In accordance with principles previously emphasized in the literature, we developed a parsimonious, straight forward and biologically readily interpretable model. The model was based on sixty-seven species representing a wide taxonomic range of mammals and collected from twelve different orders (Fig. 1).
Figure 1. Phylogenetic relatedness and evolutionary divergence times of species in the present sample.

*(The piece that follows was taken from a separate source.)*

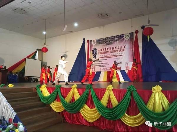 海岸角大学孔子学院汉语教师与海岸角大学孔子学院学生为到场嘉宾及观众呈现了一台精彩纷呈的表演。节目有诗朗诵《水调歌头》、中国-加纳传统服饰秀、中国功夫秀等。中国-加纳传统服饰秀将活动气氛推向了高潮,向观众展示了中加两国传统服饰的魅力。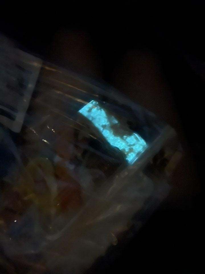 綜合泰媒報道,泰國網民「Mild Burusskorn」上周日在Facebook專頁「我們是消費者」中,分享了數張照片,顯示在黑暗中,一盒壽司中竟有幾隻發出藍光。事主表示,由於外觀異樣,因此不敢食用此發光的壽司,但對藍光成因感到好奇。不少網民也表示擔憂,建議事主不要食用。

To avoid sample bias by overrepresentation of single lineages no more than one species was included from any given genus. Thus the 67 species in the sample represent 67 genera. A phylogenetic analysis and an independent contrasts analysis were performed to investigate if evolutionary dependence between the 67 species influenced the statistical analyses. The sample was carefully balanced for various species characteristics as outlined in Materials and Methods. In line with previous literature, we employed adult brain mass and adult female body mass as fundamental continuous independent variables that could potentially serve as predictors of time to weaning. Adult brain mass reflects the time during which the brain has developed during ontogenesis since mammalian brains develop at similar rates. Therefore, if interspecies variation in weaning depends on brain mass, the duration of suckling may be assumed to reflect primarily the developmental time course and the needs of the offspring. If, on the other hand, interspecies variation in weaning depends on adult female body mass, it would primarily reflect the metabolic limitations of the lactating female. The dependent variable was expressed either as time to weaning postnatal or post conception. Although the former measure is more conventional, the latter appears biologically more relevant as it represents both the total developmental time of the offspring and the total time invested by the female.
Figure 2. Brain mass is a better fundamental predictor of time to weaning than is female body mass.